- ACTION ITEM: All records below are to be set down precisely as written, excluding pictures.

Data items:
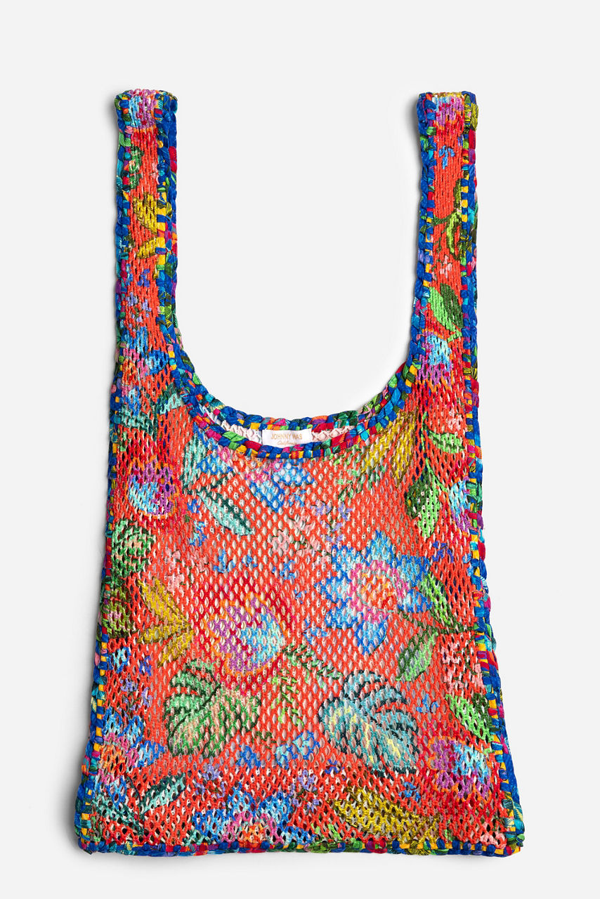 Crafted from 100% crocheted cotton, the Crochet Slouchy Tote is adorned with bold color and rich floral blooms. Featuring wide top handles and an open top, this vibrant bag is finished with a decorative blanket stitch at the seams. Pair with the Ruched One Piece and Crochet Maxi Kimono for a perfectly coordinated, resort-ready ensemble.
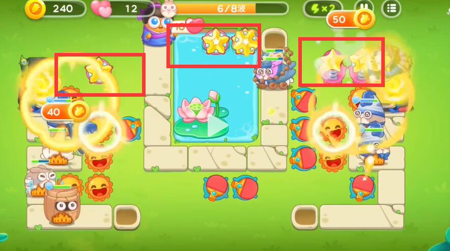 7、有金币的话就在池塘里多多的放置一些炮塔就可以了。
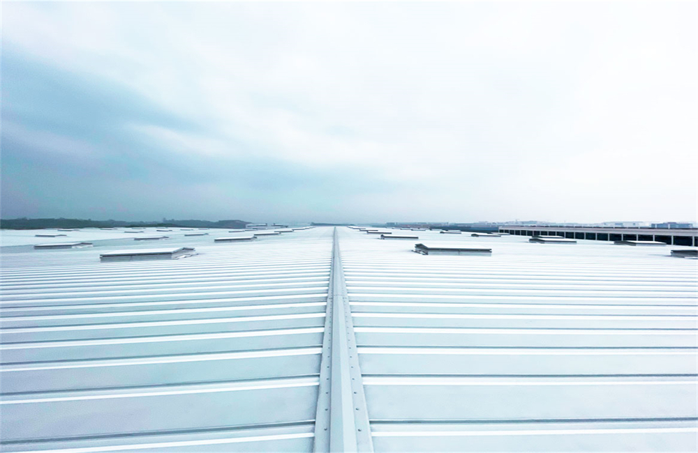 In the three monomers constructed by wiskind, the single building area of the 1# final assembly workshop is 20598.40 square meters, the building height is 17.85m, and the roof structure is composed of a single span length of 72m*125m two-span grid structure, which is one of the largest single-span roof grid structure in Zigong City and even Sichuan Province. The roof enclosure adopts SR6® upright lock joint roof system independently developed by wiskind, 450° lock joint, double ridge and four slopes, no parapet wall with color plate hanging gutter. The roof system has obtained the American FM certification test and the Chinese standard static and dynamic wind resistance test, through high-performance sliding supports and lock joints to provide superior wind and waterproof performance, up to the first level of waterproof, to provide more than 360 degrees of comprehensive durable protection for the project.
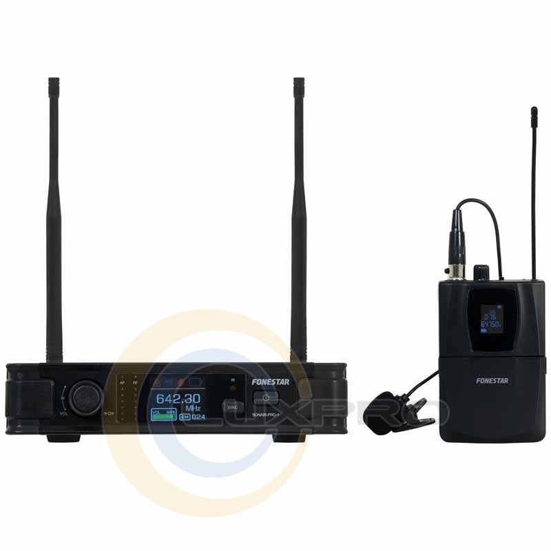 Радіосистема SONAIR-PRO-1P. Дисплей на передавачі та приймачі інформує про частоту та стан батареї, а також полегшує керування мікрофонами. У дизайні передавача реалізовано інтегроване рішення для керування звуком та передачі сигналу, виконане на одному чипі.
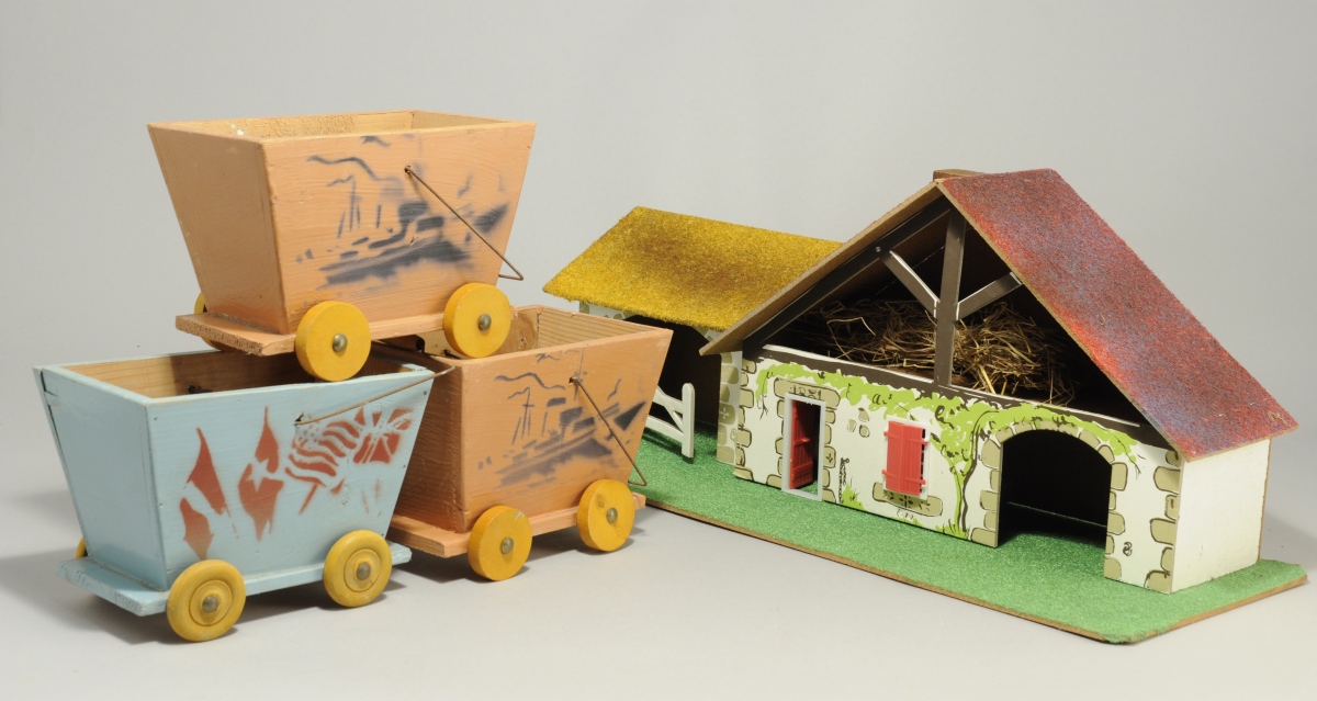 - LA HOTTE AUX JOUETS. CORPS DE FERME composé d'une étable et d'une grange en isorel, bois aggloméré et matière plastique polychromes. Dans son carton d'origine. Très bon état. Long. 63, Prof. 22 cm.

- EXPECTED OUTPUT:
 Crafted from 100% crocheted cotton, the Crochet Slouchy Tote is adorned with bold color and rich floral blooms. Featuring wide top handles and an open top, this vibrant bag is finished with a decorative blanket stitch at the seams. Pair with the Ruched One Piece and Crochet Maxi Kimono for a perfectly coordinated, resort-ready ensemble.
 7、有金币的话就在池塘里多多的放置一些炮塔就可以了。
 In the three monomers constructed by wiskind, the single building area of the 1# final assembly workshop is 20598.40 square meters, the building height is 17.85m, and the roof structure is composed of a single span length of 72m*125m two-span grid structure, which is one of the largest single-span roof grid structure in Zigong City and even Sichuan Province. The roof enclosure adopts SR6® upright lock joint roof system independently developed by wiskind, 450° lock joint, double ridge and four slopes, no parapet wall with color plate hanging gutter. The roof system has obtained the American FM certification test and the Chinese standard static and dynamic wind resistance test, through high-performance sliding supports and lock joints to provide superior wind and waterproof performance, up to the first level of waterproof, to provide more than 360 degrees of comprehensive durable protection for the project.
 Радіосистема SONAIR-PRO-1P. Дисплей на передавачі та приймачі інформує про частоту та стан батареї, а також полегшує керування мікрофонами. У дизайні передавача реалізовано інтегроване рішення для керування звуком та передачі сигналу, виконане на одному чипі.
 - LA HOTTE AUX JOUETS. CORPS DE FERME composé d'une étable et d'une grange en isorel, bois aggloméré et matière plastique polychromes. Dans son carton d'origine. Très bon état. Long. 63, Prof. 22 cm.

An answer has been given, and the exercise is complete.